AI Crucible API: Complete Integration Guide

AI Crucible provides a unified, OpenAI-compatible API that allows you to integrate powerful ensemble AI strategies directly into your applications. This guide covers everything from authentication to advanced orchestration controls.

Sample Application

Want to see the API in action? Check out our sample chat application on GitHub. This complete, open-source example demonstrates:

The sample app includes complete setup instructions for beginners and serves as a production-ready starting point for your own applications.


1. Getting Started

The API is built to be a drop-in replacement for standard LLM calls. If you use the OpenAI SDK, you can switch to AI Crucible by simply changing the baseURL and apiKey.

Authentication

All API requests require a valid API Key passed in the Authorization header.

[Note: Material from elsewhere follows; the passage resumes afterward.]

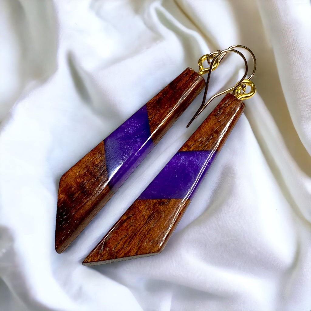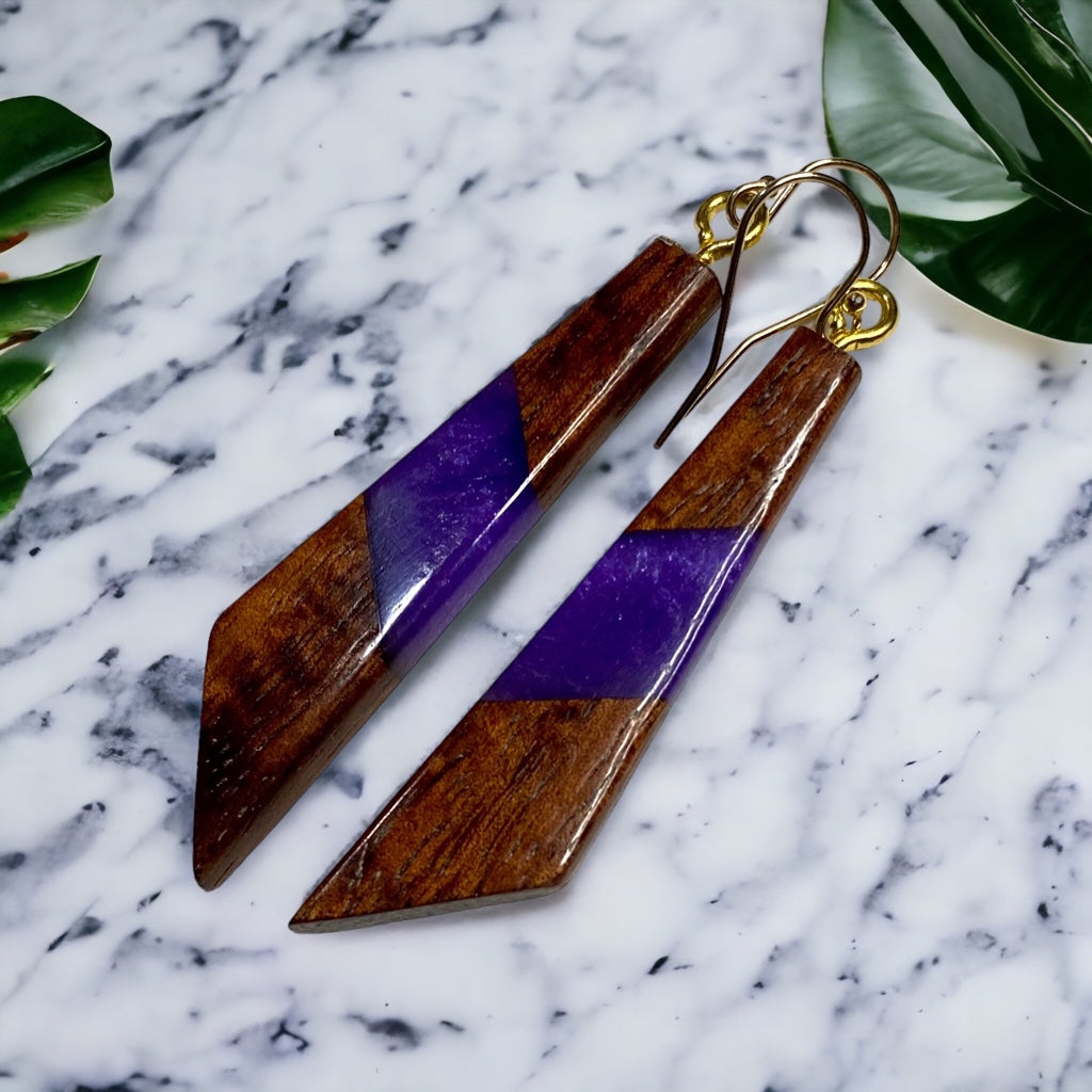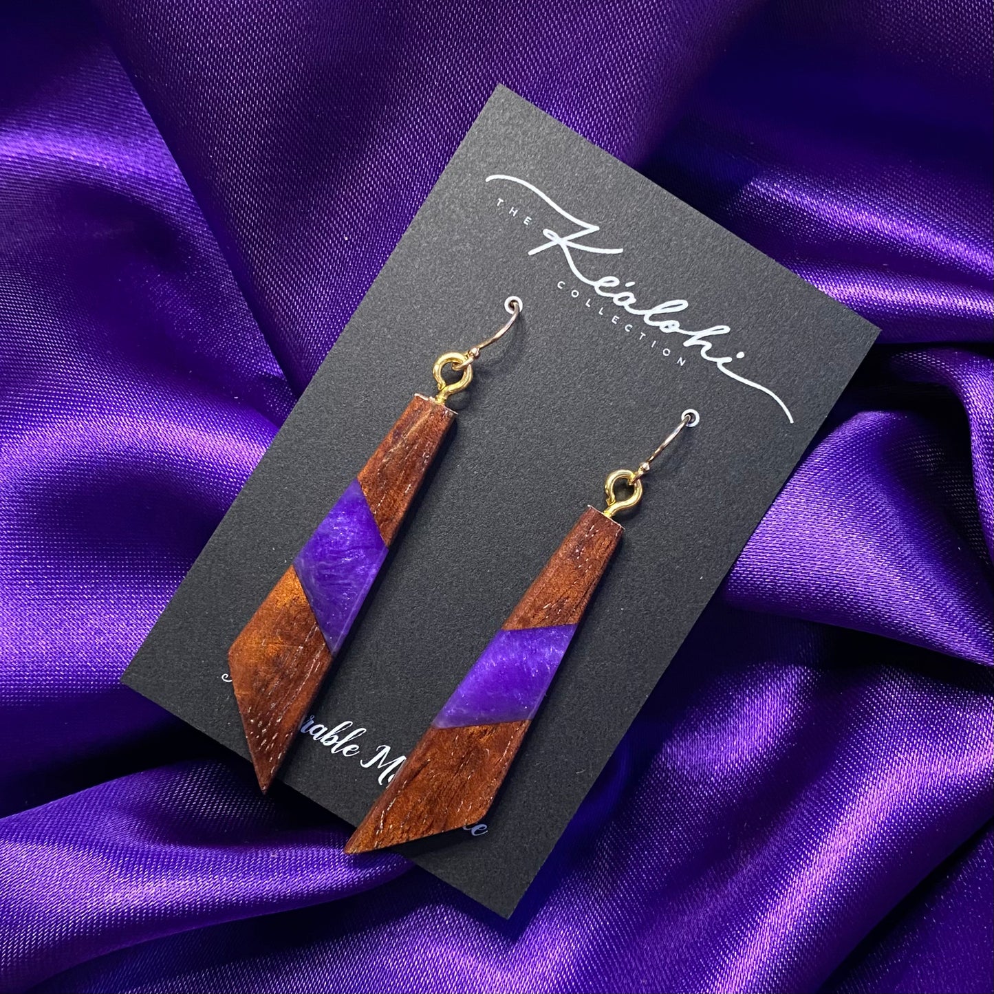Purple was a favorite color of Hawaiian royalty. Therefore, the name of this elegant design draws from the Hawaiian word for lavish and magnificent, Hīhīmanu. This is also the word for the islands' beautiful stingrays, which glide gracefully through our waters. Wear these earrings and bring about your inner elegance and grace.

Authorization: Bearer sk-aicrucible-...

You can manage your API keys in the Settings > API Keys section of the dashboard. Keys have the following permissions:


2. Chat Completions

POST /v1/chat/completions

This is the primary endpoint for running ensemble strategies. It accepts a standard chat history and returns a generated response, fully compatible with the OpenAI format.

Request Parameters

Parameter Type Required Description
model string Yes The ID of the model to use. When using ai_crucible orchestration, this model serves as the arbiter/judge. When not using orchestration, this is the model that generates the response.
messages array Yes List of message objects (role, content). Content can be a string or an array of content parts for multimodal messages.
stream boolean No If true, returns a stream of Server-Sent Events (SSE).
temperature number No Sampling temperature to use, between 0 and 2. Higher values mean the model will take more risks.
top_p number No An alternative to sampling with temperature, called nucleus sampling, where the model considers the results of the tokens with top_p probability mass.
max_tokens number No Maximum number of tokens to generate in the completion.
stream_options object No Streaming configuration. Use { include_usage: true } to receive token usage data in the final chunk when streaming.
ai_crucible object No Advanced configuration for ensemble strategies.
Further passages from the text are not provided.